▶ _Activity_: Lines before the one containing "On Before Data" are not wanted; restate the rest below word for word, through the last line, but drop any pictures.

▶ _Input data_:

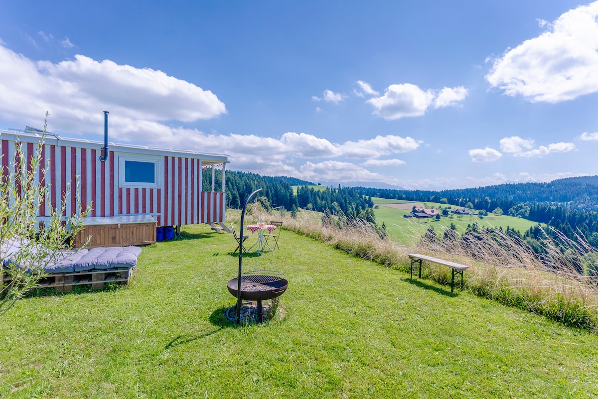 Zirkuswagen in der Natur mit traumhafter Aussicht
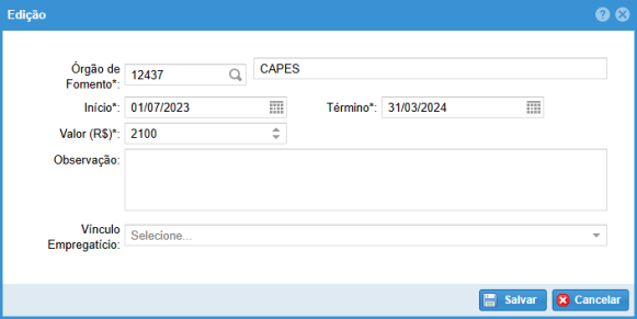 Para incluir ou editar uma bolsa de estudos, basta clicar no botão Novo ou selecionar a bolsa existente com duplo clique, ambas as ações abrirão a seguinte tela de edição onde o usuário poderá incluir as informações da bolsa.
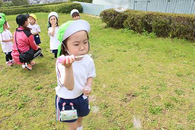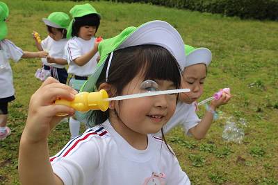 気持ちのいい青空の中に、シャボン玉と子どもたちの笑顔が輝いていました
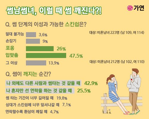 썸탈때 남녀가 생각하는 스킨쉽 수위는 얼마나 되는지 확인해봅시다.
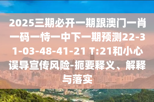 2025三期必開一期跟澳門一肖一碼一恃一中下一期預(yù)測22-31-03-48-41-21 T:21和小心誤導(dǎo)宣傳風(fēng)險-扼要釋義、解釋與落實
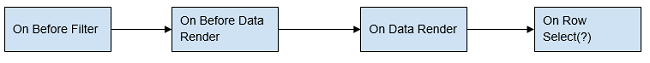 On Before Data RenderThis event will be called the before the data is rendered in the Data Table. Note: The data accessible is restricted to the current page of the Data Table. Use Case: If you want to change the display value based on the values of a column
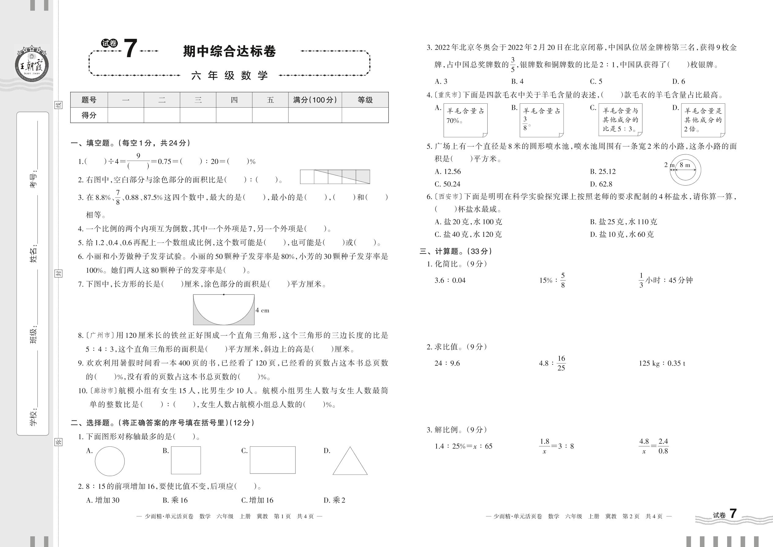 2023上册六年级数学冀教版 试卷7 期中综合达标卷
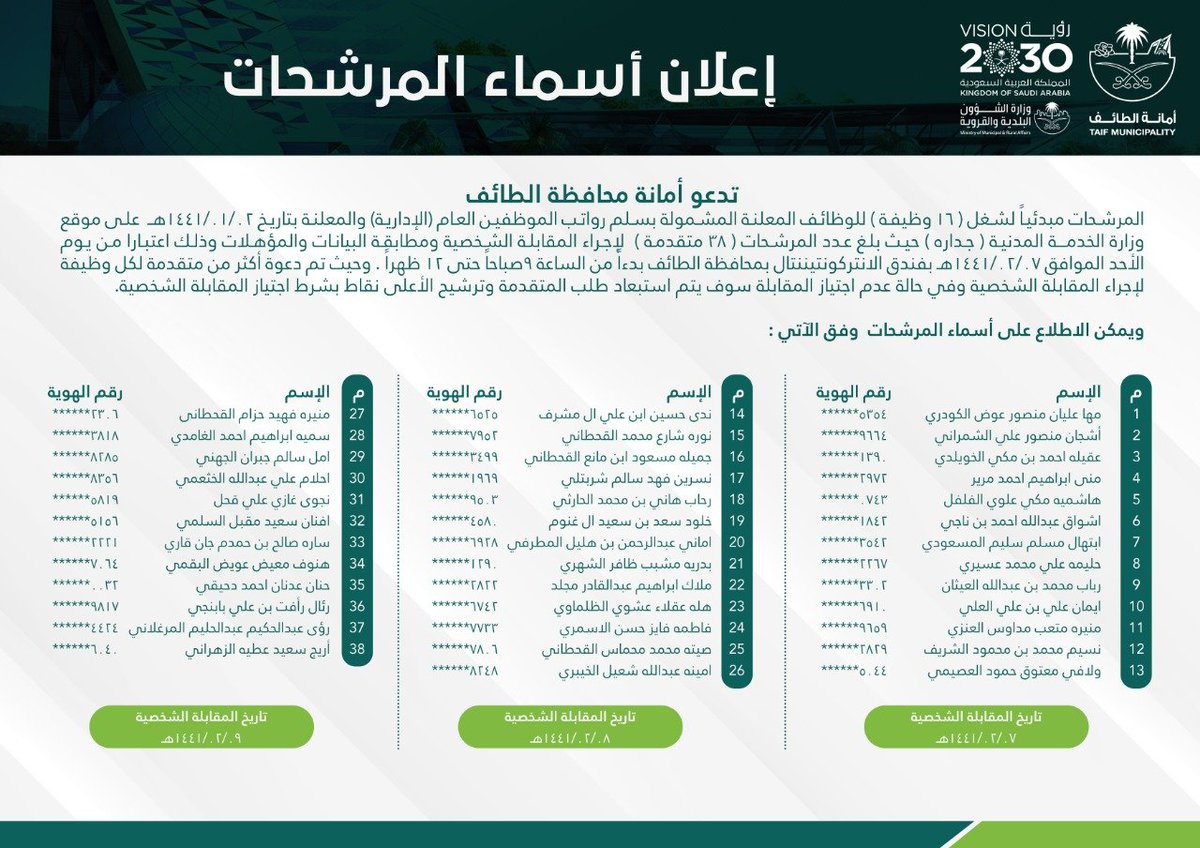 وظائف > أمانة محافظة الطائف تعلن أسماء 28 مرشحة مبدئياً للوظائف الإدارية

▶ _Answer below_:
 On Before Data RenderThis event will be called the before the data is rendered in the Data Table. Note: The data accessible is restricted to the current page of the Data Table. Use Case: If you want to change the display value based on the values of a column
 2023上册六年级数学冀教版 试卷7 期中综合达标卷
 وظائف > أمانة محافظة الطائف تعلن أسماء 28 مرشحة مبدئياً للوظائف الإدارية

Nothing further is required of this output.